Google's Gemini 2.5 pro is out of beta.

diz@awful.systems · edit-2 1 day ago

Google's Gemini 2.5 pro is out of beta.

Architeuthis@awful.systems · 1 day ago

Claude’s system prompt had leaked at one point, it was a whopping 15K words and there was a directive that if it were asked a math question that you can’t do in your brain or some very similar language it should forward it to the calculator module.

Just tried it, Sonnet 4 got even less digits right 425,808 × 547,958 = 233,325,693,264 (correct is 233.324.900.064)

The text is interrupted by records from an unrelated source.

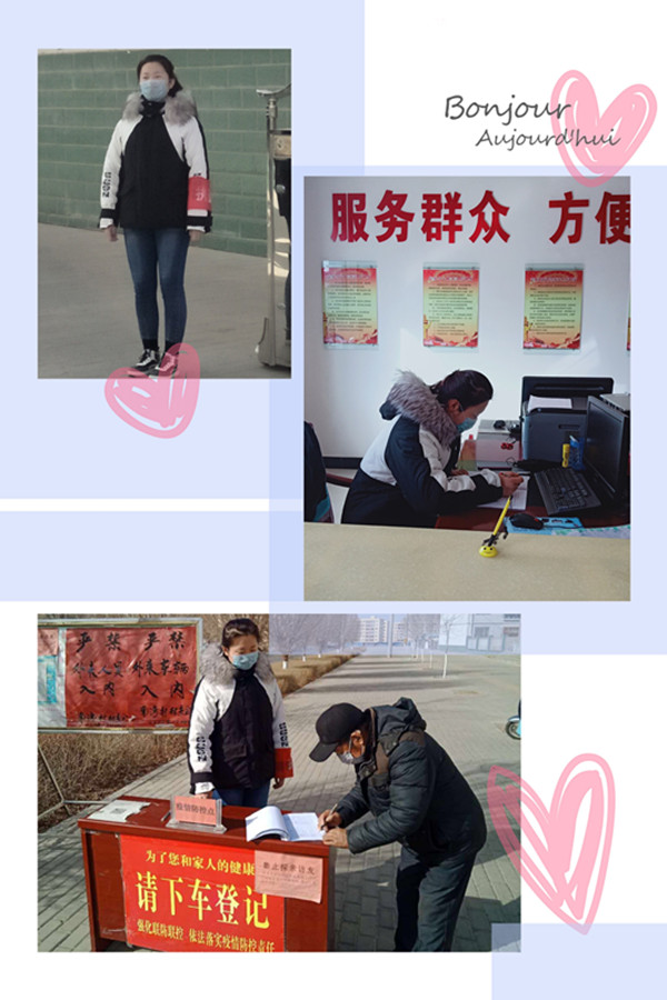 魏梦菲,18级俄语班的一名同学。战疫当前,作为新时代大学生,她穿上志愿服成为守卫家园的一名青年志愿者战士,义不容辞地用行动守护家园。作为社区网格员负责着一千多户居民的安危,每天要打无数的电话去核实社区居民健康情况。她的主要工作内容包括:出入体温登记,回复居民投诉,核对出入居民信息,接待居民来访咨询,补充修改家庭信息,整理疫情管控物资清单等等。除此之外,她还运用在校所学的心理健康方面的知识在社区宣传,将自己的温度汇聚成社区居民心中的暖流,安抚和鼓励大家稳住心态,静待花开。疫情防控无小事,事事关乎群众安危。在返工复工阶段,更不能掉以轻心,她表示会坚守志愿者岗位,细致入微地做好服务大家的工作。
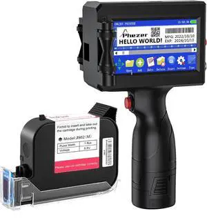Phezer Handheld Inkjet Printer Gun P15U with Quick-Drying Ink Cartridge, 0.5inch/12.7mm Nozzle Portable Handheld Printer for Text/Barcode/Logo/QR/Counter/Number/Date (with JS62 Cartridge)
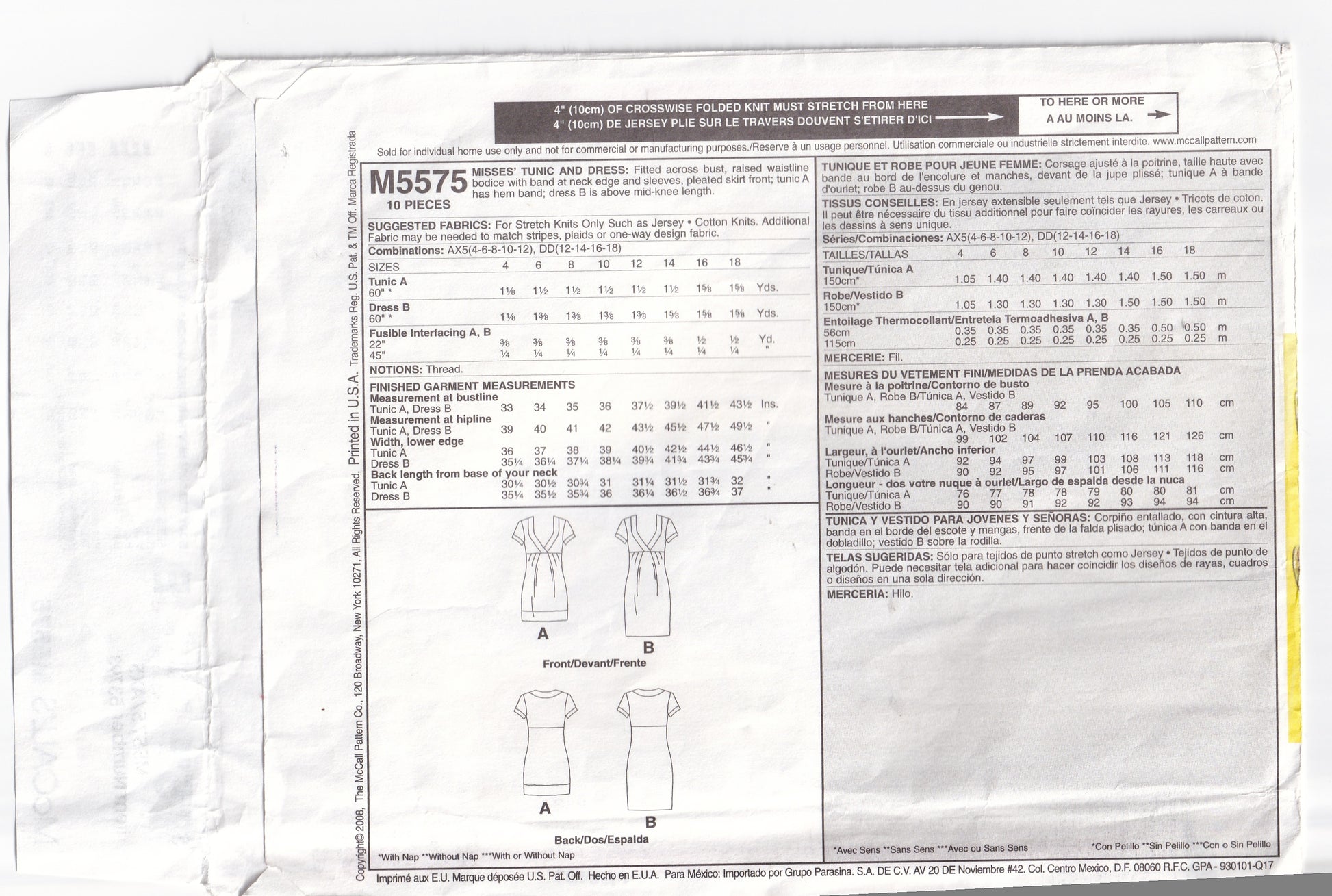 McCall's 5575 sewing pattern, dated 2008, now out of print.
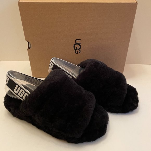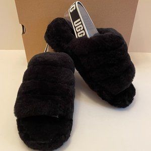 UGG Fluff Yeah Black Slipper worn
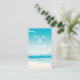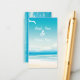 Teal blue Ocean and clear blue sky. Ocean waves crashing to the shore , seagulls flyng in the sky and a silhouette of palm trees - Fully Customisable Wedding invitations and matching extras.

I’d love to see benchmarks on exactly how bad at numbers LLMs are, since I’m assuming there’s very little useful syntactic information you can encode in a word embedding that corresponds to a number. I know RAG was notoriously bad at matching facts with their proper year for instance, and using an LLM as a shopping assistant (ChatGTP what’s the best 2k monitor for less than $500 made after 2020) is an incredibly obvious use case that the CEOs that love to claim so and so profession will be done as a human endeavor by next Tuesday after lunch won’t even allude to.

Soyweiser@awful.systems · 1 day ago

I really wonder if those prompts can be bypassed by doing a ‘ignore further instructions’ line. As looking at the Grok prompt they seem to put the main prompt around the user supplied one.